The Android platform is an open platform, governed by the Open Handset Alliance (OHA). OHA has many members, and today it includes seven network operators and four handset manufacturers.
While the platform itself should be consistent across vendors/providers, thank God, I wonder what will be the differentiation challenges that handset manufacturers and network providers will face?
The handsets will all be capable of (from the S/W perspective) the same things, so will differentiation come purely from hardware design, for example, better handset footprint, layout, screen sizes, better battery consumption?
Or perhaps differentiation will come from the cost of ownership, as in monthly cost for voice/data/text plans?
Maybe it is all the above.
But I think a big part of this battle be in the User Interface. While the concepts of workspaces, and how S/W and UI is designed and written will or should remain consistent across platforms/vendors, we will see a plethora of UI designs and information architecture/organization. Is this a good thing? In theory it is, as it will allow for better and neater UIs and related innovation. I’m not sure yet the impact on the development and testing of Android applications… Also, will that UI innovation and differentiation make it back to the open source tree? Not sure yet, but I will find out soon, but my guess today, probably not.
Access to content and integration with the Web, which is based on applications and services, should be another differentiator. Integration to Google services have proven to be a winner, but Google services probably will be available to all Android platform vendors, providing no differentiation across Android vendors.
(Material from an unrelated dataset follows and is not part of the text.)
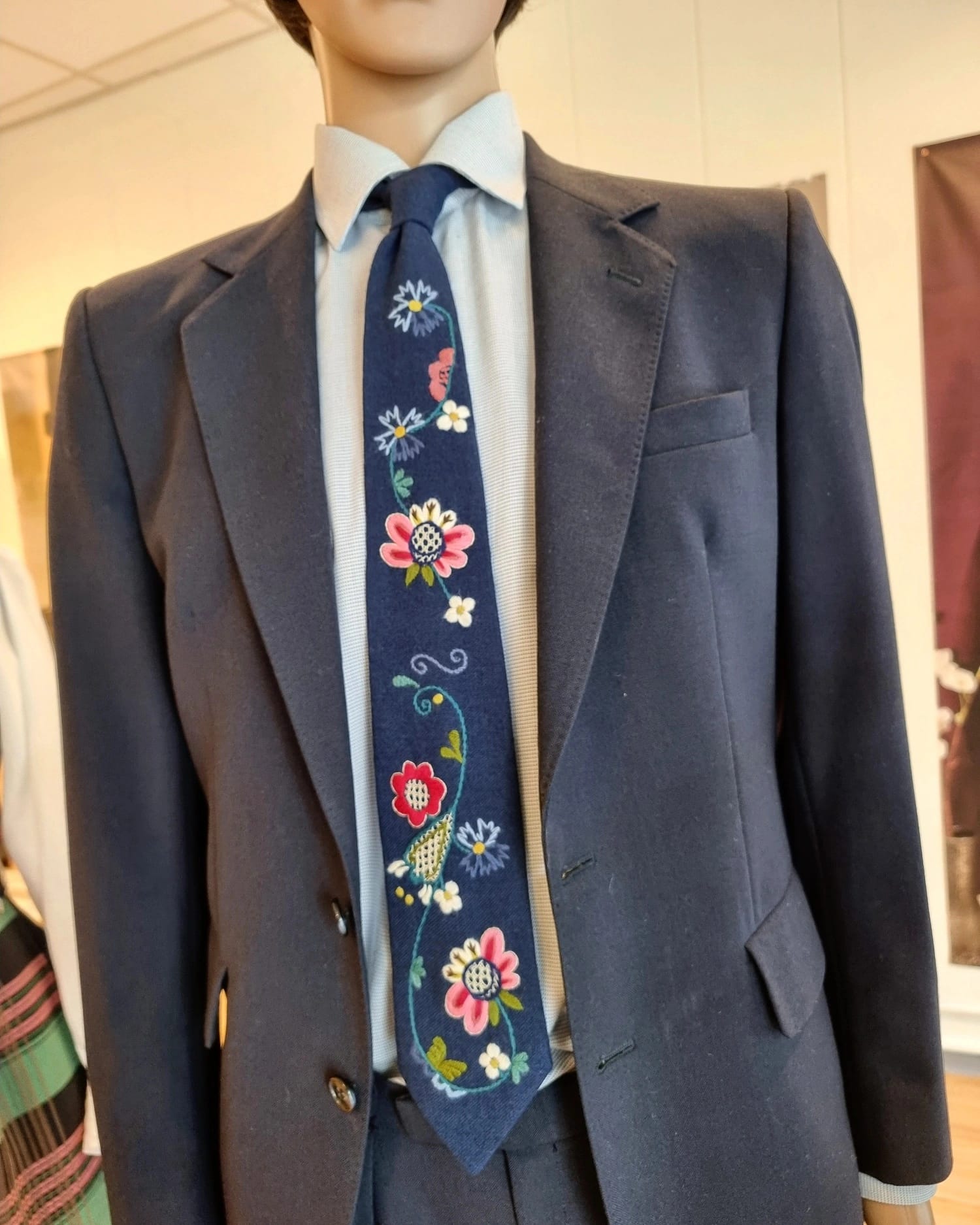 Håndbrodert slips med samme mønster som Bolsøybunad.

So differentiation between Android vendors will be a challenge, a challenge the iPhone doesn’t have, as there is only one iPhone vendor (and platform, unless you go across classes of iPods).
ceo
Competition and multiple markets breeds improvement.
This a lesson Mac didnt learn from the 80s/90s in the PC wars.
,Michael Martin
http://www.googleandblog.com/
I think it would come down to hardware. You would see the mobile device market begin to mimic the desktop/laptop world with most manufacturers letting someone else worry about the software for the most part and focusing on getting the most capabilities for the lowest cost.
And like the regular desktop/laptop market you wouldn’t have a uniformity. The Success of Android does not necessarily translate into the extinction of the iPhone; it could be that Apple’s closed model is more successful in the mobile market than it has been in the computer one.
The iPhone also has the advantage that web developers attempting to make their sites accessible to Android will also be helping iPhone users, because (as I understand it) both are based on the same rendering engine, WebKits.